Two different cases of uniform hypothesis testing

60 Views Asked by At

I have two different p-value uniform-distribution problems. I know that the definition of the p-value is: The probability of observing a new $X$ at least as extreme or more extreme than the initial $X$.

Problem I:

$X$ has a uniform distribution on interval $[0, z]$. We test $H_0: z=3$ against $z >3$ as test static we take $X$. We observe $x=1$, what is the p-value?

Problem II:

We have a collection of tanks numbered from $1$ to $K$ and $20$ of them are chosen as sample with putting back. We want to test $H_0: K = 100000$ versus $H_1: K<100000$. The test statistic is the max number from the sample $M.$ Assume $M= 81115$ what is the p-value?

The first p-value is the region right of the observed p-value $(2/3)$. The second p-value is the region left of the observed value $(81115/100000)^{20}$. Initial I thought I had to look at the sign of the $H_1$. But that 'assumption' doesn't hold with the theory.

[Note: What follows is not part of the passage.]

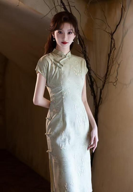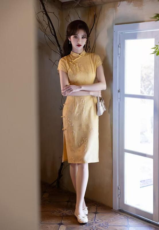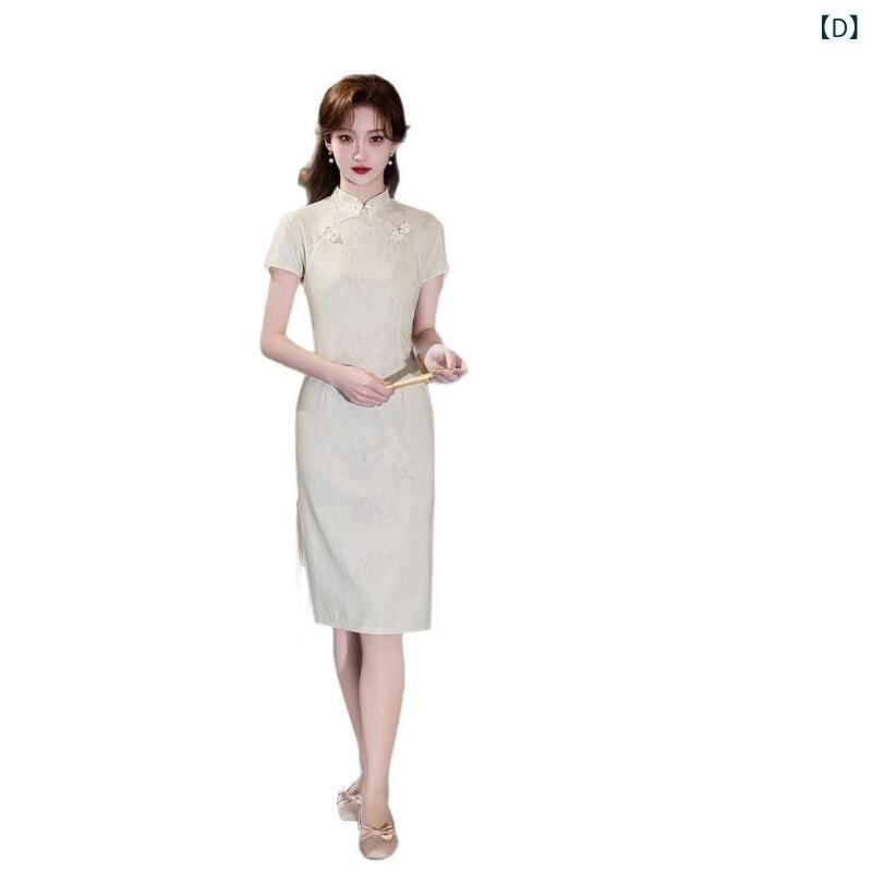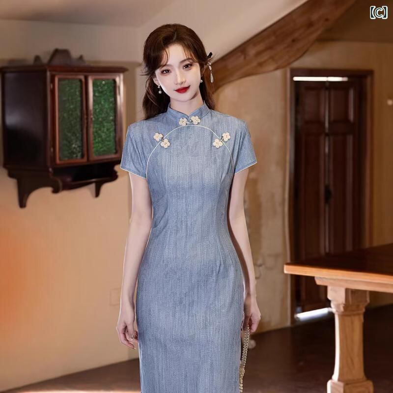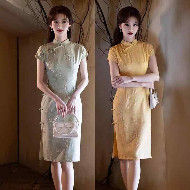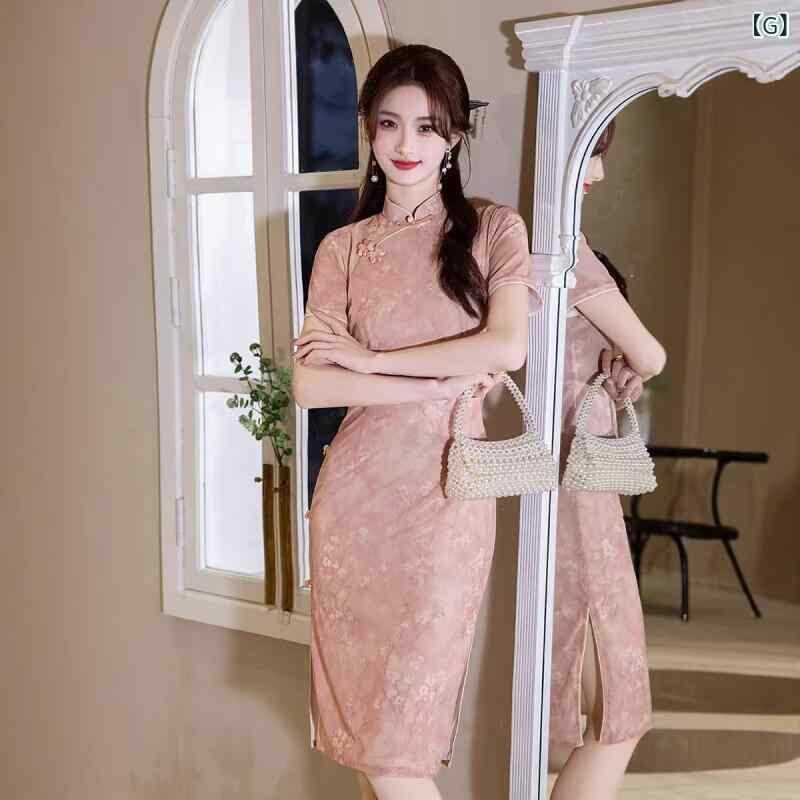 チャイナドレス レディース 上品 かわいい エレガント モダン 高級感 シュニール織 ポリエステル 春夏 ミディ丈 フレア スタンドカラー 七分袖 ワンピース 普段使い お出かけ

I see how the definition of the p-value holds in the first one. You want to know the chance of observing a value $x$ bigger or egual than 1, so you take the right region.

I don't see how the definition holds in case of problem 2. I think I'm confused by the test statistic $\max\{\}$. So with the same line of thought. What is the probability of achieving the same or more extreme result? Here I get stuck, I dont see why the left region is calculated. I do see why it is ^20, because of the independence of 20 observations.

Question 1: Why is in problem 2 the left region taken?

Question2: Here is the test statistic $\max\{x_1,x_2,\ldots,x_n\}$, but what should I do when the test statistic is $\operatorname{MEAN}\{x_1,x_2,\ldots,x_n\}$, or $\min\{x_1,x_2,\ldots,x_n\}$? Is there a derivation somewhere I can look into?

1

There are 1 best solutions below

0
On BEST ANSWER

The $p$-value is the probability of observing a value of the test statistic that is at least as extreme as what you observed, given that the null hypothesis is true. In the case of the second question, this means observing a maximum tank number that is $81115$ or smaller, given that there are $K = 100000$ tanks. The reason why is because if $M$ is the maximum tank number observed in the sample, and the alternative hypothesis is that there are fewer than $100000$ tanks, the smaller the value of $M$ you observe, the more evidence you have in favor of rejecting $H_0$. Consequently, smaller $M$ values are considered "more extreme" than larger ones. To illustrate, if indeed it was true that there are $100000$ tanks, and you observed $M = 37$, is that very likely? You'd have to pick, out of $20$ tries, tanks with numbers not exceeding $37$ every time. The probability of such an event is $(37/100000)^{20} \approx 2.31225 x 10^{-69}$.

This is why your $p$-value for the second question is $(81115/100000)^{20} \approx 0.0152063$, because this is the probability that the maximum tank number in a sample of size $n = 20$ is numbered $81115$ assuming there are $100000$ tanks. It's not impossible, but somewhat unlikely: each tank in your sample had only a $0.81115$ probability of being a number not exceeding the value of your statistic.